In the material below, find the line with "A street musician clad in Hungarian attire" and the line with "Celebrate the early", then output both and every line between them exactly, omitting pictures.
━━━ Records supplied
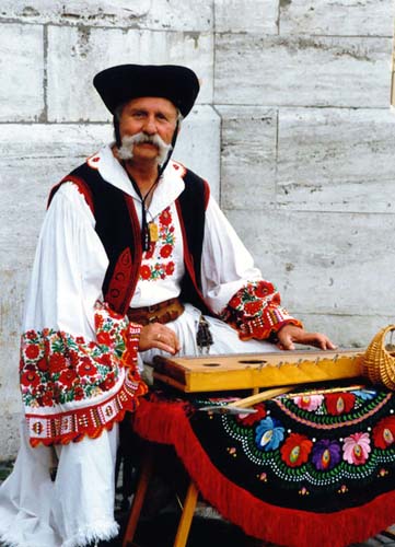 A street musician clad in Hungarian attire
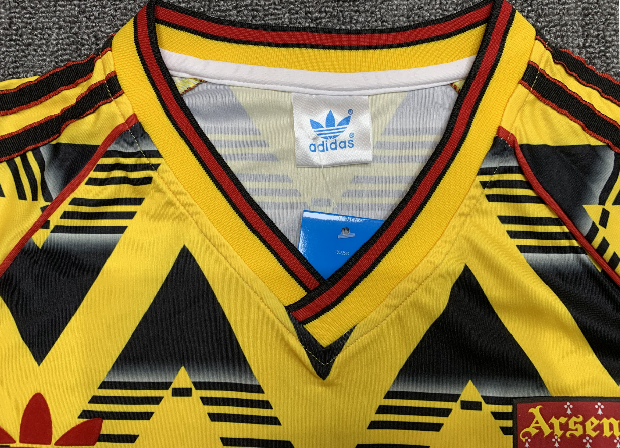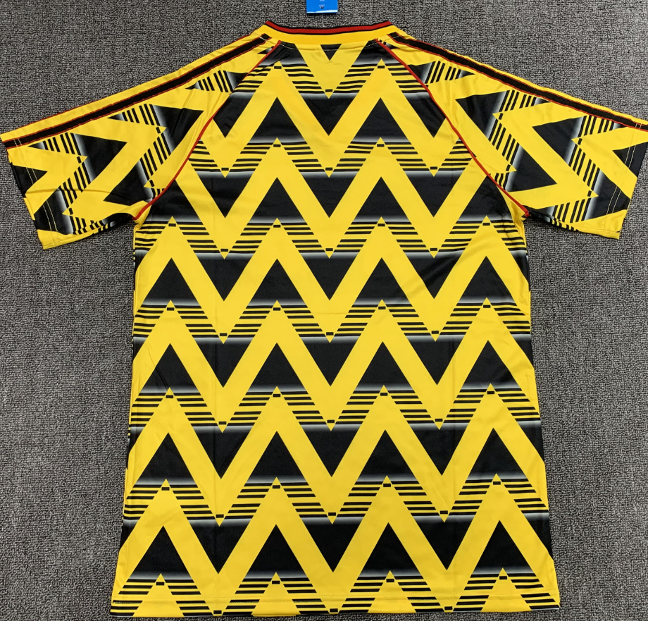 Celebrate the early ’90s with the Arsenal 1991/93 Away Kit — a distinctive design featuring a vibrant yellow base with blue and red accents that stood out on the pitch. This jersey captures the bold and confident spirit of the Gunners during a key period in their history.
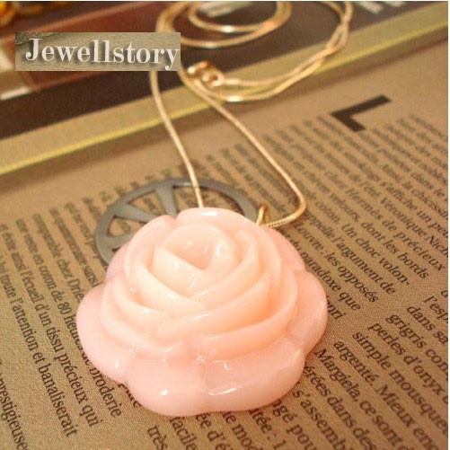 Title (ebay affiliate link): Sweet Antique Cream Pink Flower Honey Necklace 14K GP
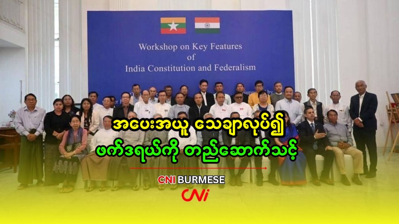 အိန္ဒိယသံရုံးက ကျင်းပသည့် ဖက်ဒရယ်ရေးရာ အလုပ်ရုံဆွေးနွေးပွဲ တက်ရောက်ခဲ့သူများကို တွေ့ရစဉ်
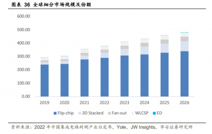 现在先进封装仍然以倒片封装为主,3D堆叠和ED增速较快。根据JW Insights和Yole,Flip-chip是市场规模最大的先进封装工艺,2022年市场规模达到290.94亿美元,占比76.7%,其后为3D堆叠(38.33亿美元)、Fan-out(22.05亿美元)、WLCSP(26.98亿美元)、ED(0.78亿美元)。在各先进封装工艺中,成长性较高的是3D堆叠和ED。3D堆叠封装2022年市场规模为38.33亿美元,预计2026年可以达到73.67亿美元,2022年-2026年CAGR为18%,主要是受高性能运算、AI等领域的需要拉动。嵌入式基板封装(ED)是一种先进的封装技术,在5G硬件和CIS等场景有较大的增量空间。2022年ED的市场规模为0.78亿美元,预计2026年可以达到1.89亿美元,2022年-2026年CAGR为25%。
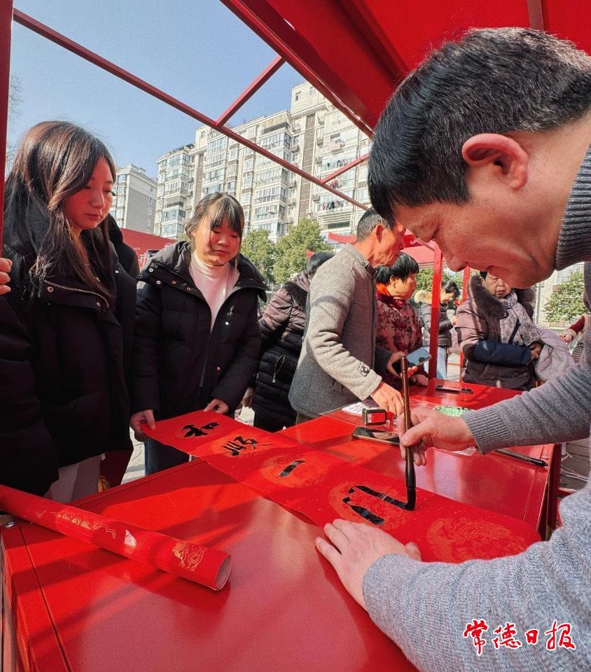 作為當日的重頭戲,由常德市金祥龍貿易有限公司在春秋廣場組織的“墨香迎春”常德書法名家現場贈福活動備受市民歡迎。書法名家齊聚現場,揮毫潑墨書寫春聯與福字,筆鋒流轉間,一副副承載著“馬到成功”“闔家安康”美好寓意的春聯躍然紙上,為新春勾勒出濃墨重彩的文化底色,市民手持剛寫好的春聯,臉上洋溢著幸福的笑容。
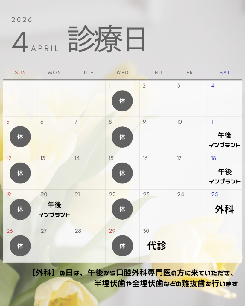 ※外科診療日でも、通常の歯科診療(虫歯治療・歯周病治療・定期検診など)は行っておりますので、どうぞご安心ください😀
━━━━━━
━━━ Records supplied
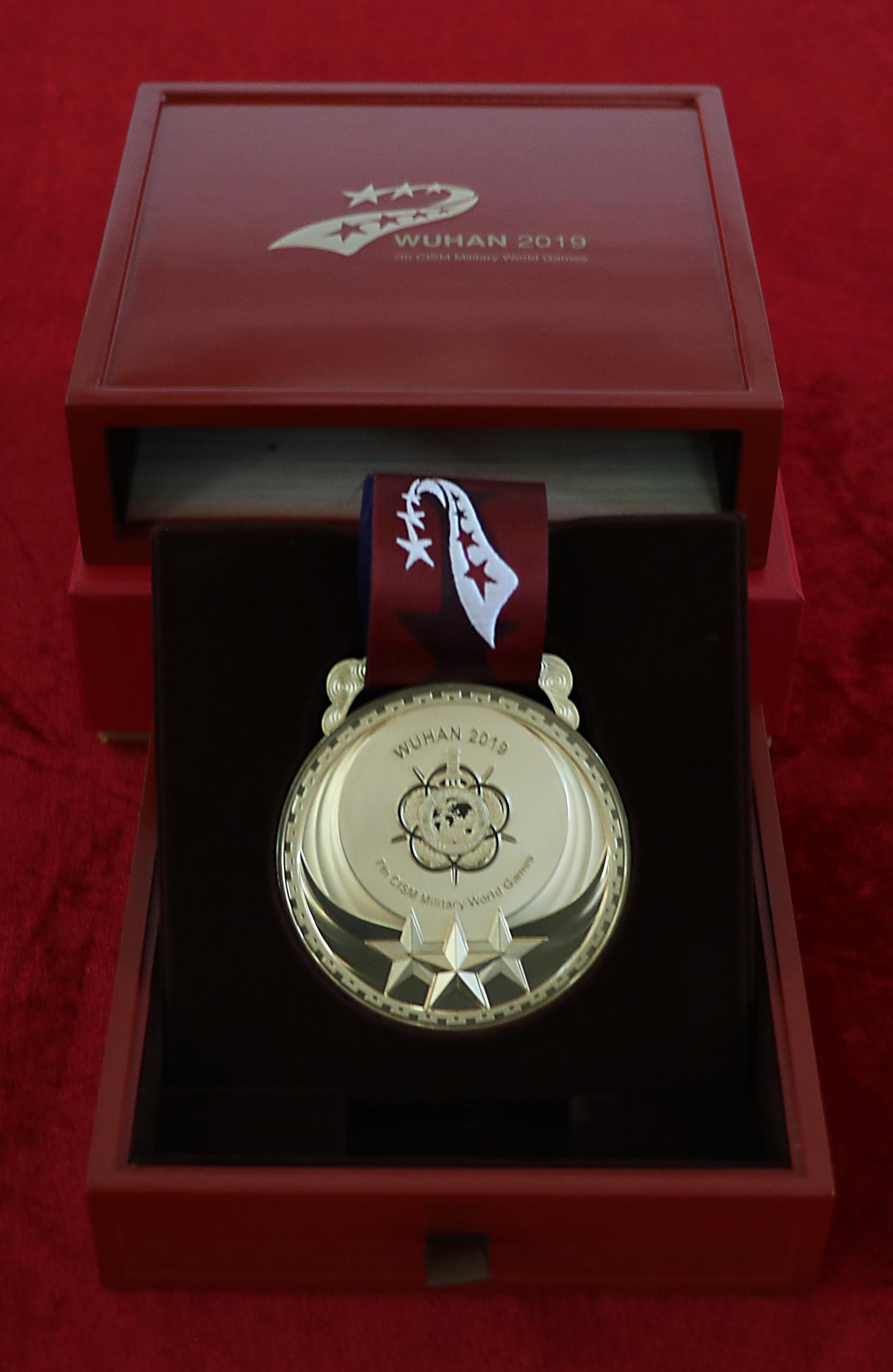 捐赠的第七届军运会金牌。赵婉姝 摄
━━━━━━
━━━ Records supplied
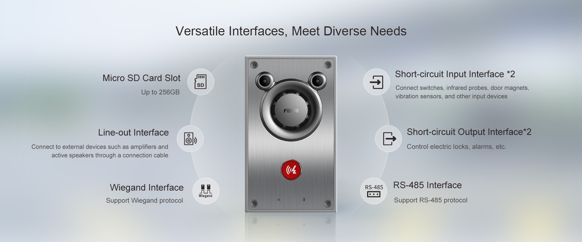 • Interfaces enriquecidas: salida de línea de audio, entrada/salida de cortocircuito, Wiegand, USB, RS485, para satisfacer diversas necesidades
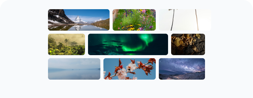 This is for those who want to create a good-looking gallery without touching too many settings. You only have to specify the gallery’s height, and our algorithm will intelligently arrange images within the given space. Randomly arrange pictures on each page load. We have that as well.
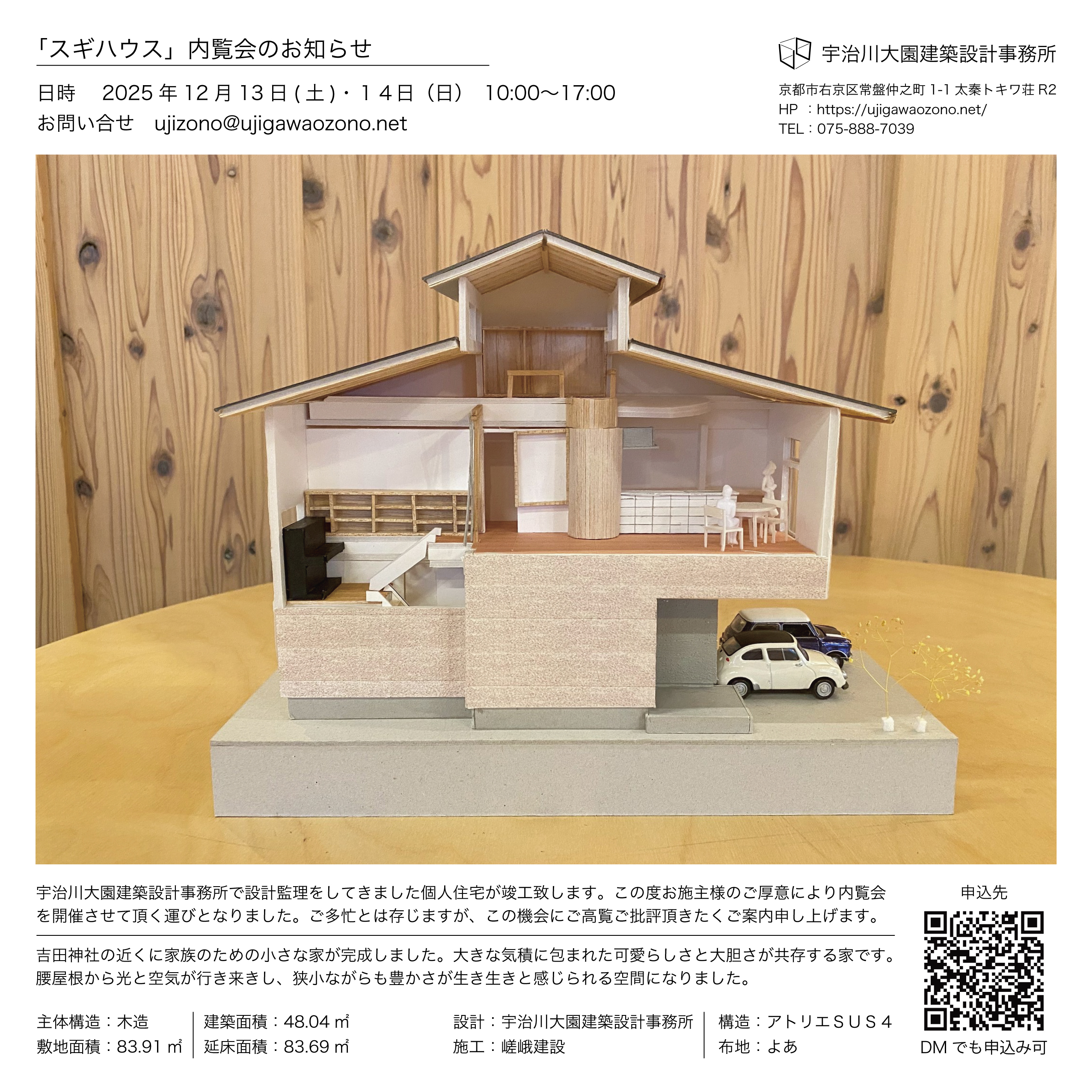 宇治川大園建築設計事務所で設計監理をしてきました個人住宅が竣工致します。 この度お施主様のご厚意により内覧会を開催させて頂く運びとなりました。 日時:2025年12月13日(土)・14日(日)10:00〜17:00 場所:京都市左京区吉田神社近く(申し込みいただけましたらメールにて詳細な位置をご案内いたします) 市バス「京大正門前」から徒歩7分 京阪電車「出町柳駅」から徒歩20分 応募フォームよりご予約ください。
━━━━━━
# [Solved exercise]
 A street musician clad in Hungarian attire
 Celebrate the early ’90s with the Arsenal 1991/93 Away Kit — a distinctive design featuring a vibrant yellow base with blue and red accents that stood out on the pitch. This jersey captures the bold and confident spirit of the Gunners during a key period in their history.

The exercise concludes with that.